Mantan rekan setim triatlon Korea Selatan ditemukan tewas bulan lalu

Mantan rekan setim triatlon Korea Selatan ditemukan tewas bulan lalu setelah menuduhnya dilecehkan oleh staf pelatihnya, Senin (6/7). Para atlet mengalami “neraka” yang hidup dan dipukuli dan dilecehkan secara verbal.

Mantan rekan setim triatlon Korea Selatan ditemukan tewas bulan lalu

Choi Suk-hyeon, seorang anggota tim triathlon nasional, meninggal di asrama timnya setelah meninggalkan pesan kepada ibunya yang memintanya untuk “mengungkapkan dosa-dosa” para pelaku kekerasan.

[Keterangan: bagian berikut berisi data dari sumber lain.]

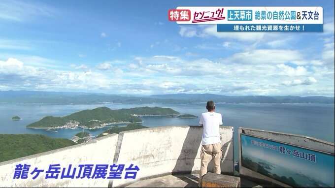 観光客を魅了するのは、星空だけではありません。ミューイ天文台から、歩いてすぐの場所にある展望台からは、天草諸島や八代海が一望できる大パノラマが広がっています。

Dia berusia 22 tahun.

Choi tidak mengungkapkan nama dalam pesan tersebut, yang dirilis oleh anggota parlemen pekan lalu, tetapi keluarga dan rekan satu timnya mengatakan bahwa dia telah Judi slot menderita selama bertahun-tahun penganiayaan fisik dan verbal dari pelatih, fisioterapis dan kapten tim Kota Gyeongju-nya.

Pelatih dan kaptennya membantah melakukan kesalahan di sidang parlemen pada hari Senin.

Seorang pejabat kementerian olah raga mengatakan kepada persidangan bahwa ahli fisioterapi adalah teman pelatih dan bekerja dengan tim meskipun tidak memiliki lisensi.

Dia tidak lagi bersama tim dan Reuters tidak dapat menghubunginya.

Salah satu mantan rekan tim Choi, yang tidak memberikan namanya dan mengenakan topeng untuk menyembunyikan identitasnya, mengatakan pada konferensi pers sebelum sidang bahwa tim itu “sebuah kerajaan yang dibangun hanya untuk pelatih dan anggota tertentu”.

“Pelatih dan kapten terbiasa memukul dan melecehkan Suk-hyeon dan kami,” tambahnya.

Dalam satu contoh, pelatih memaksa mereka untuk makan roti seharga 200.000 won (US $ 167) dan kemudian melemparkan semuanya kembali sebagai hukuman karena minum secangkir cola dan menambah berat badan, katanya.

Rekan setimnya yang lain menggambarkan slot online kehidupan di asrama atlet sebagai “jurang neraka” tetapi mengatakan dia percaya ini adalah tempat tinggal para atlet dunia.

Anggota parlemen yang mengatur konferensi pers mengatakan butuh keberanian bagi para atlet untuk tampil ke depan karena mereka takut akan pembalasan.

Kematian Choi memicu kegemparan nasional, terutama setelah dia ditemukan telah mengajukan keluhan dengan polisi, badan olahraga nasional dan pengawas hak asasi manusia.

Ketua asosiasi triathlon nasional meminta maaf pada sidang parlemen karena “hanya mempercayai pelatih”.

Komunitas olahraga elit Korea Selatan terkenal karena budaya “menang dengan segala cara”, dengan rezim pelatihan brutal dan hubungan hierarkis yang kuat antara pelatih dan atlet yang lebih tua dan lebih muda.

Tahun lalu, beberapa atlet wanita menuduh pelatih laki-laki mereka melakukan pelecehan seksual dan verbal di tengah gerakan #MeToo, termasuk dua kali juara luncur pendek atlet Olimpiade, Shim Suk-hee, yang mengatakan dia berulang kali diperkosa oleh pelatihnya.

Kementerian olahraga dan Komite Olahraga dan Olimpiade Korea menjanjikan penyelidikan menyeluruh pada hari Senin.